Потом были написаны у Верещагина, в Ташкенте же, но в 1870> году, тоже прямо с натуры: „Политики в опиумной лавочке“, „Нищие в Самарканде“, „Дуваны (дервиши-нищие) в праздничных нарядах“, „Хор дуванов, просящих милостыню“. Выше всех была последняя картина: поразительная естественность, а вместе и красота группы, оригинальность этих лохмотников, их хор у стены, с запевалой впереди, заткнувшим себе уши и голосящим — это была картина опять маленькая, но великолепная. Вдобавок ко всему, эти дуваны переносили нас в древнюю средневековую Русь, к нашим каликам-перехожим. В них та же азиатчина. [7]
К этому периоду относится еще одна картинка: среднеазиатский мулла на коленях, молящийся в мечети, с выражением набожности, даже страха перед божеством на лице.

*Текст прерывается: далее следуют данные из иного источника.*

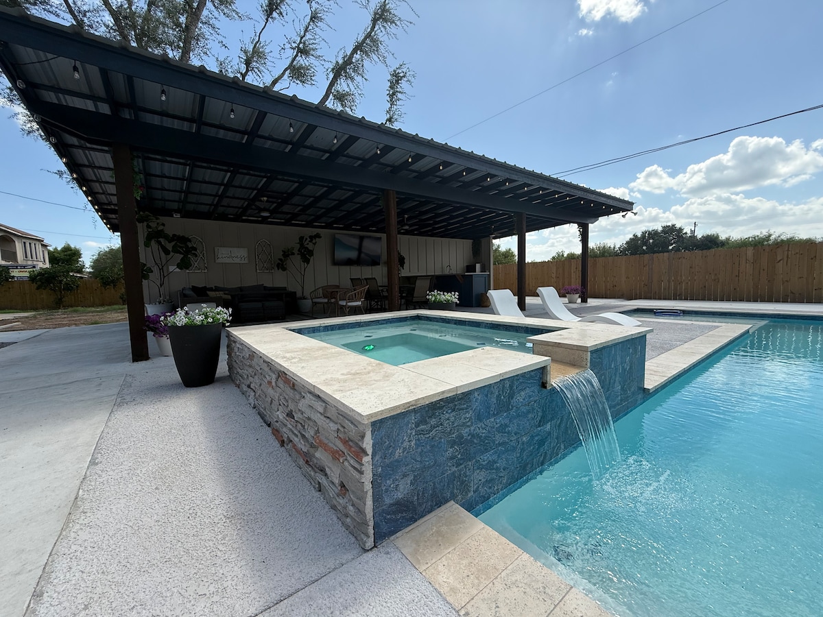 Piscina privada ¡Recientemente remodelado y amueblado, listo para que su estancia sea lo más cómoda y práctica posible! ¡Justo al salir de la autopista, frente al centro comercial outlet (a 3 minutos en auto), a 20 minutos de McAllen y a 40 minutos de South Padre Island! A 5 minutos del recinto ferial. ¡La casa se encuentra en un terreno de 1/2 acre (0,2 hectáreas) en un vecindario tranquilo y apacible! 2 camas tamaño queen 2 camas individuales Sofá plegable

С 1871 года начинаются картины, писанные в Мюнхене. Тут есть, конечно, картины еще только чисто этнографические, хотя превосходно написанные, например, богатый „Киргиз-охотник“, любующийся на сокола; но таких очень мало. Главное место занимают картины с сюжетами трагическими из той самаркандской войны, которую Верещагин видел собственными глазами. Почти все картины представляют сторону русскую и притом преимущественно русских солдат. „У крепостной стены: „Тс, пусть выйдут!“ и „У крепостной стены: «Вошли!» — это эпизоды из тех дней, когда в июне 1868 года русские отстаивали Самарканд от нескольких десятков тысяч туркменов. Развязка — это груды мертвых побежденных азиатов, положенных лоском; это живые триумфаторы, русские, в белых кафтанчиках, лежащие на брюхе и покуривающие трубочки у водруженного вверху крепостной стены победного знамени и болтающие преравнодушно ногами, пока товарищи внизу таскают мертвые тела вон. Это тема — близкая родня картинке «После неудачи», написанной прямо на месте, еще в самом Ташкенте.